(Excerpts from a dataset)

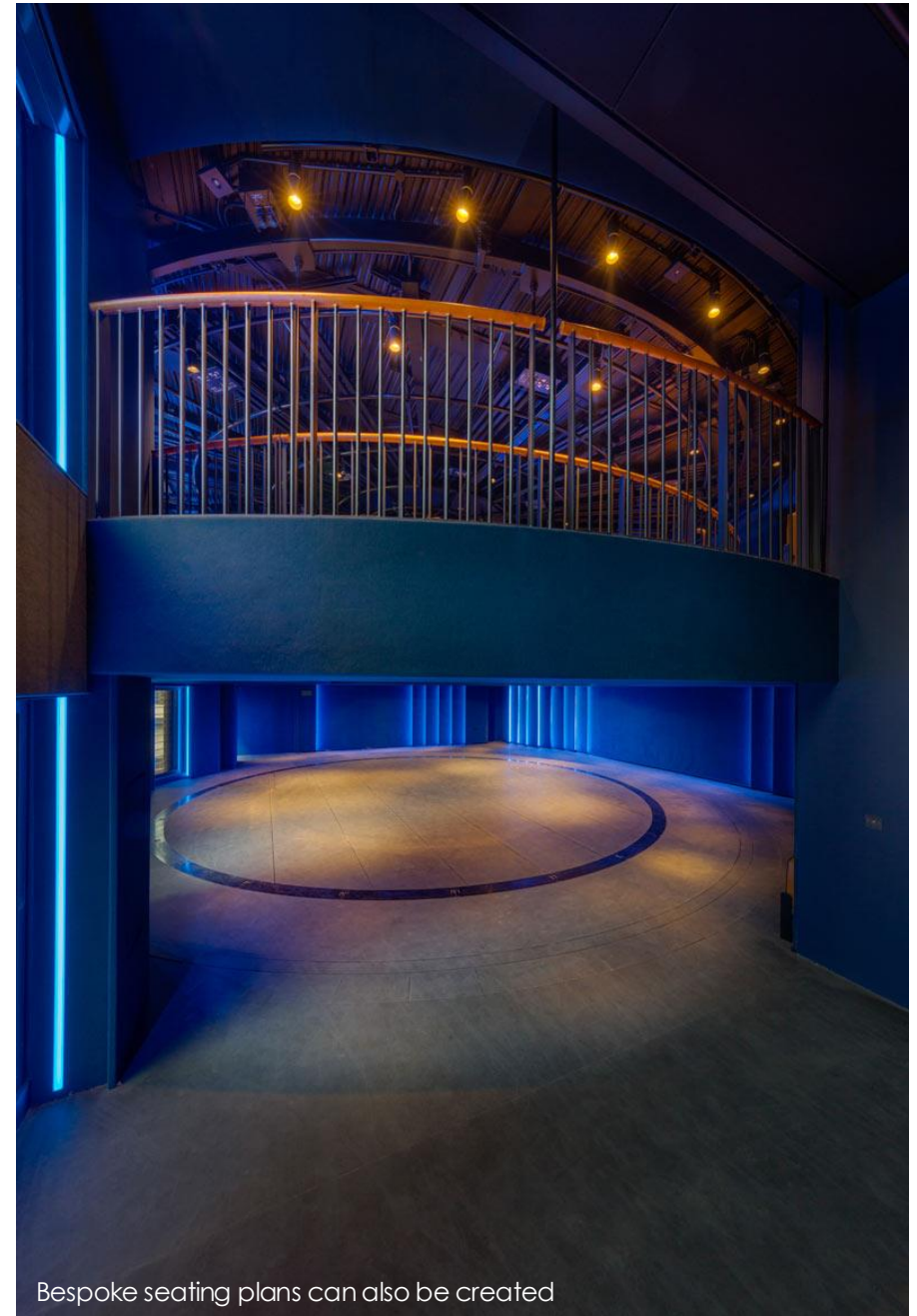
Bespoke seating plans can also be created
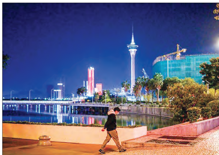
Macau ordered compulsory coronavirus testing for all residents on Wednesday after a family of four was found to be carrying the Delta variant, breaking the city's record of over 16 months virus-free.

including athletes, officials and media. Most of the positive cases have been among Japanese residents working as employees or contractors.—AFP ■
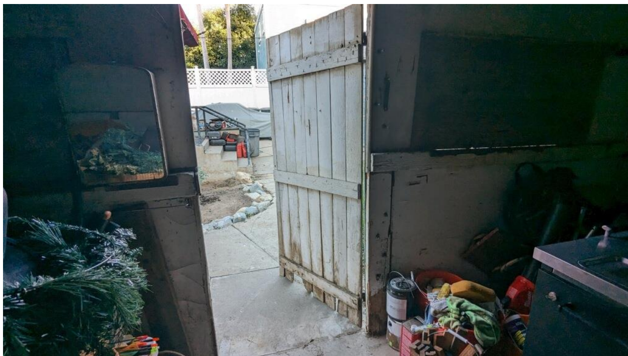
View looking east, interior
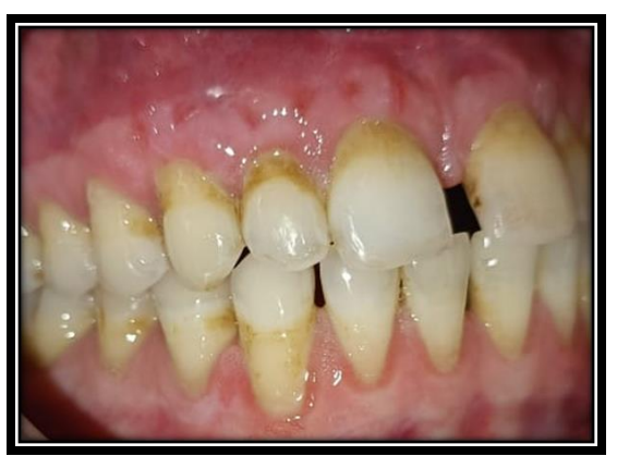
Figure 2.2: Case 2 re-evaluation
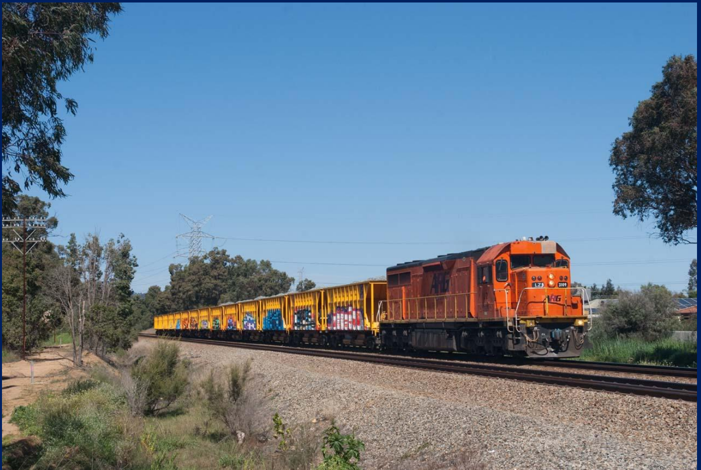
LZ3109 on 4BT1 ballast at Swan View on September 9th.

§ Your goal: Set down word for word every line from the line containing "View looking east, interior" through the last line of the entries, and nothing more; no pictures.

§ Task response:
View looking east, interior
Figure 2.2: Case 2 re-evaluation
LZ3109 on 4BT1 ballast at Swan View on September 9th.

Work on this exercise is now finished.